Paula Chin in Bricks & Bucks on July 14, 2021
Help is on the way for co-op boards worried about the high cost of retrofits that will help them reduce their buildings’ carbon emissions and avoid fines under the city’s ambitious Climate Mobilization Act. In June, the first Property Assessed Clean Energy (PACE) loan closed in New York City, opening the way for co-op boards and other building owners to get low-cost financing for clean-energy retrofits.
PACE loans allow building owners, including co-op boards, to finance up to 100% of the cost of improvements that reduce a building’s energy usage. Unlike conventional financing, long-term PACE loans are repaid in installments through a charge on the subject property’s tax bill. The money, however, isn’t available just yet. The loans are provided by private lenders that must be approved by the city – a process that is still ongoing.
“We’ve received about 20 inquiries so far from lenders seeking to prequalify,” says Peter Erwin, associate director for programs at New York City Energy Efficiency Corporation (NYCEEC), which is administering the PACE program. The request for qualifications was put out to lenders in April, and once the initial group of 20 or so lenders is approved, the city will publish a list on the PACE program website (nyc.gov/PACE), which Erwin says could happen as early as the end of July.
While New York State already has a list of approved PACE lending institutions, the city must compile its own list because the two PACE programs are separate. “The New York City program is only for the five boroughs, so it’s strictly a matter of geography,” explains Michael Karlosky, principal at MSK Resources and a PACE financing expert. “It’s an administrative nuance that doesn’t exist just here, but in other states as well.”
The specific requirements set by PACE lenders in New York City for building owners to qualify for financing may also vary slightly. All owners, however, must provide written consent from their existing mortgage holder, as well as an energy audit, which lending institutions use to determine the size of the loan.
“Overall, we’re going to be looking at all the elements of buildings’ financial health,” says Crystal Smith, director of originations in New York for Greenworks Lending, one of the oldest lenders in the PACE program, which is now available in 33 states and the District of Columbia. That includes a history of capital projects and assessments, the percentage of owner-occupied units, shareholder delinquencies and any back taxes owed. “The intent is for us to figure out a building’s ability to handle the debt service,” Smith adds.
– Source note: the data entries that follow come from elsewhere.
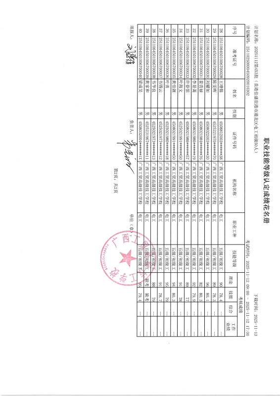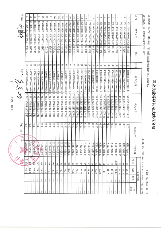 广西工贸高级技工学校关于2025-11-12第453批职业技能等级认定成绩公示
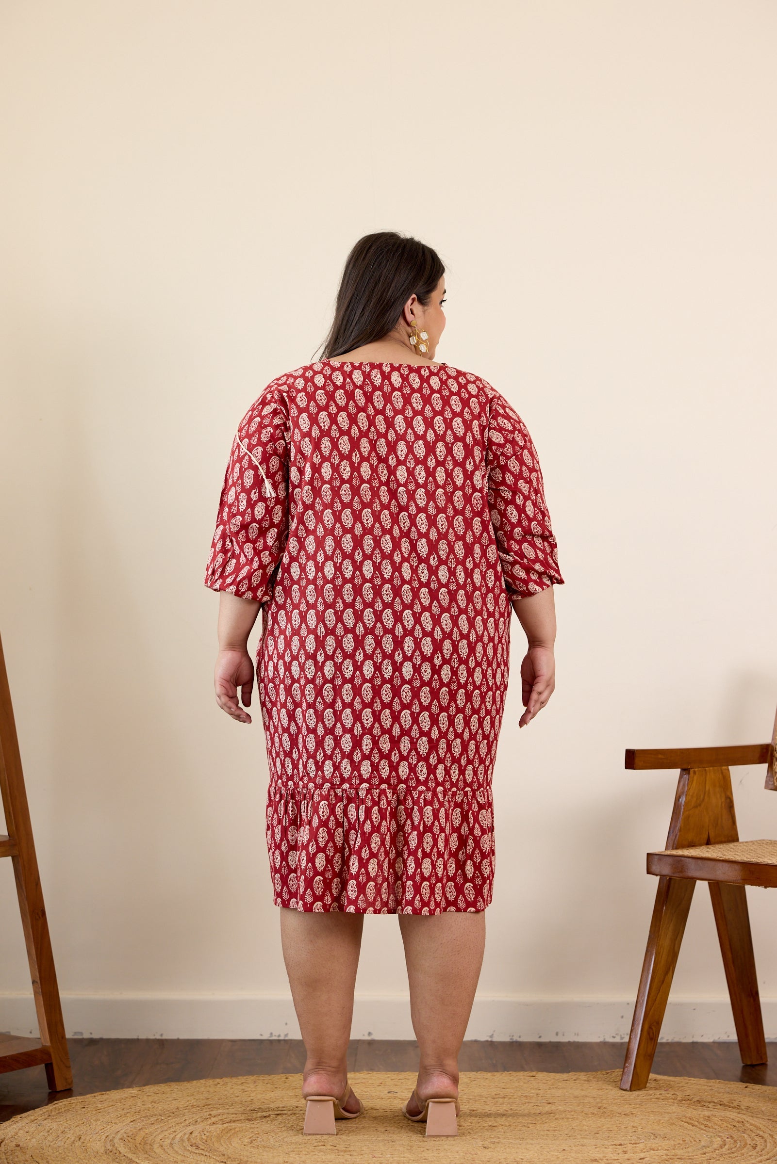 This red floral motif drop-waist dress blends traditional detailing with a modern, easy silhouette. Crafted from breathable 100% cotton, it features a flattering V-neckline accented with contrasting dori detail. The relaxed drop-waist cut adds comfort and flow, while the screen-printed floral motif brings a timeless, handcrafted feel.
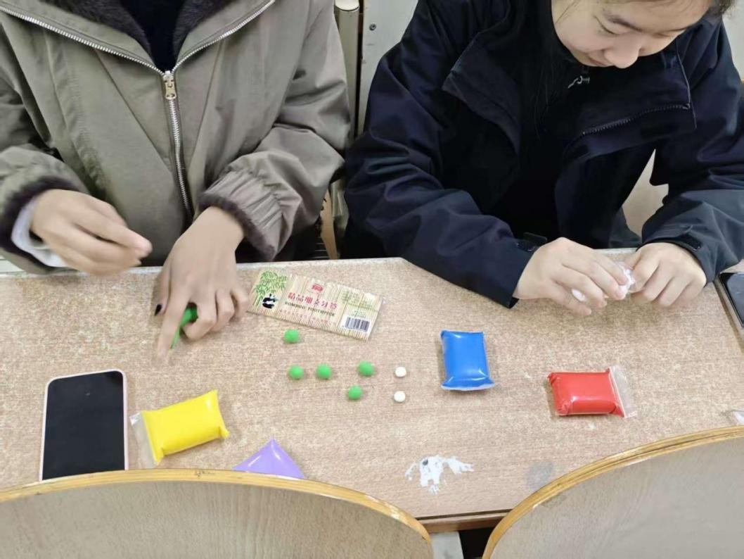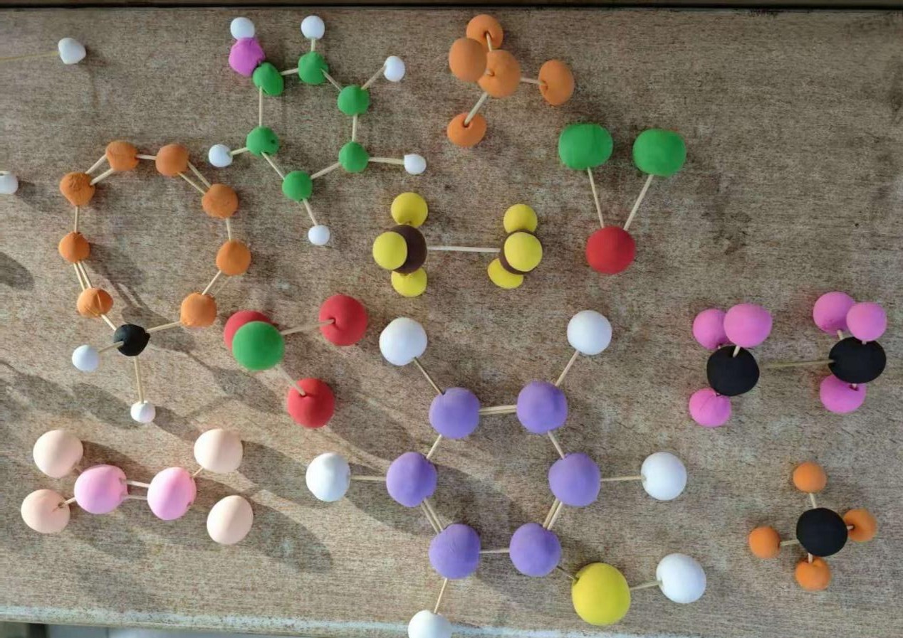活动中,主持人系统讲解了化学分子构成、分子空间构型等相关知识,结合水分子、二氧化碳等生活中常见物质,展示多种球棍模型,引导同学们建立起宏观现象与微观现象的联系。在实践环节,同学们用彩色橡皮泥模拟不同原子,牙签代表化学键,亲手搭建出甲烷、氨分子等典型分子结构。通过捏塑、拼接与组合,同学们直观感受到化学键的联结方式与分子的立体形态,进一步巩固了课堂所学知识。活动现场气氛活跃,互动频繁。
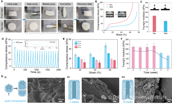研究团队对支架的力学性能进行了系统评估,发现其具备独特的水响应形状记忆行为:干燥状态下的大应变压缩不可逆,但一旦完全水合,支架能在1分钟内从轴向、径向压缩甚至卷曲变形中迅速恢复初始形状,这种特性赋予了其在微创手术中填充不规则缺损的巨大潜力。力学测试表明,水合支架的杨氏模量为225 kPa,且在循环加载下展现出优异的回弹性与可靠的形状恢复能力。在体外模拟降解过程中,支架的力学性能演变与骨再生进程高度同步:在前4周的“黄金窗口期”内,杨氏模量始终维持在200 kPa以上,第4周因矿化沉积出现小幅提升,随后在第5至6周才开始显著下降与结构破碎。微观结构分析揭示,支架层板内部呈现出类似珍珠层的堆叠纳米片形态,这种仿生构型不仅增强了材料的韧性与弹性,更为电荷存储和定向电流传导提供了关键的物理基础。
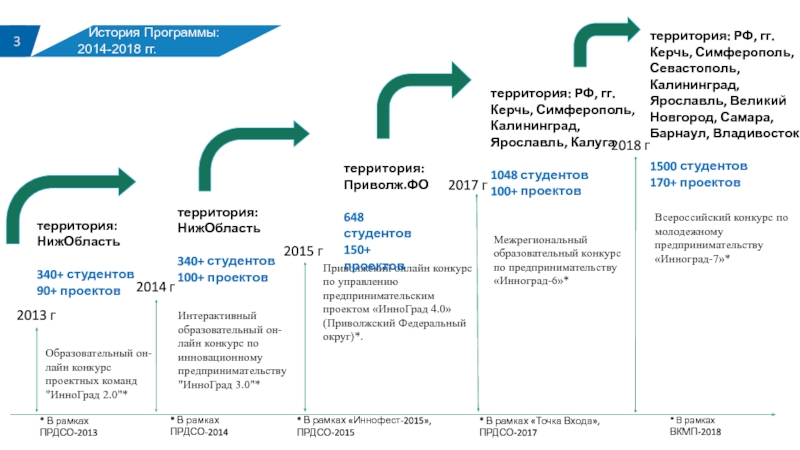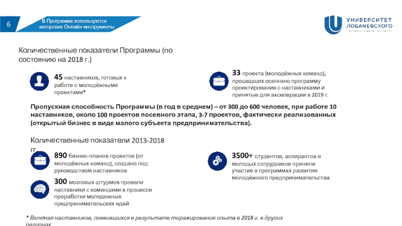 Пропускная способность Программы (в год в среднем) – от 300 до 600 человек, при работе 10 наставников, около 100 проектов посевного этапа, 3-7 проектов, фактически реализованных (открытый бизнес в виде малого субъекта предпринимательства).
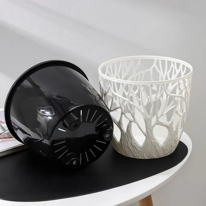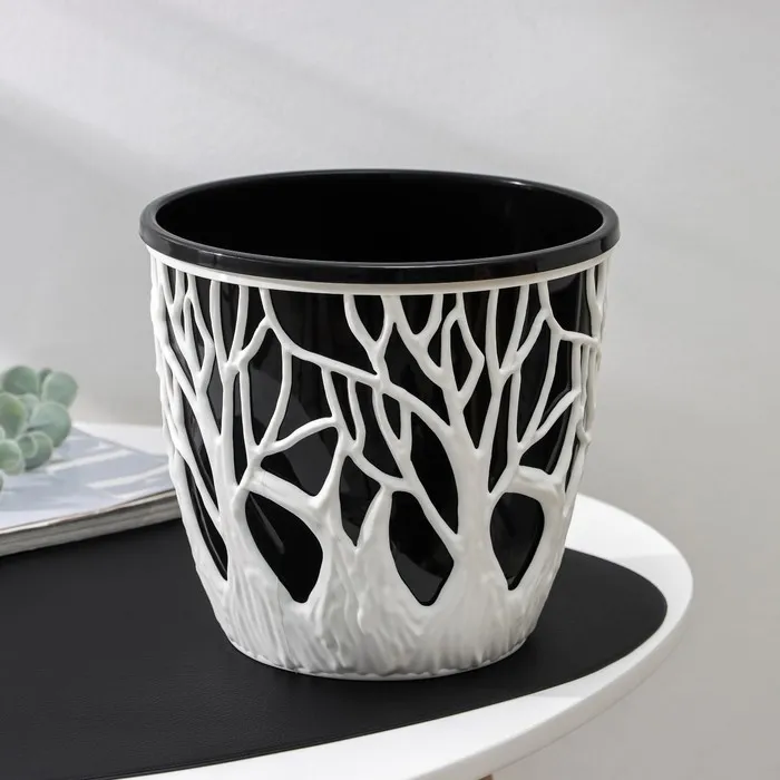Кашпо для цветов со вставкой «Форест», 3 л, бело-чёрное

While the term of a PACE loan is tied to the useful life of the improvement, up to 20 years, all other terms such as loan size, interest rate and loan-to-value ratio may be set by the lenders. That means building owners, particularly co-ops, need to proceed carefully.
“This is a brand new marketplace, so the loans will not be offered as competitively as traditional mortgages,” Karlosky says. Because terms can vary significantly between lenders, he advises boards to get multiple “bids” just as they would from other kinds of vendors. “That way,” he says, “you can line up different offers so you can get the best deal.”
Until the loan program opens wider, smaller co-ops might have a hard time securing smaller loans because they carry higher fees. Greenworks Lending, for example, will not process loans smaller than $500,000. But once the PACE program takes off and more lending institutions are approved and active in the marketplace, they’ll be more willing to make smaller loans, Karlosky predicts.
Erwin, of NYCEEC, has more good news: “Competition is also expected to drive down rates and incentivize favorable terms for building owners.”
“It’s early days for the PACE program,” Karlosky says, “and there’s going to be a period of adjustment. But all things considered, this is a great new thing for co-op boards and building owners.”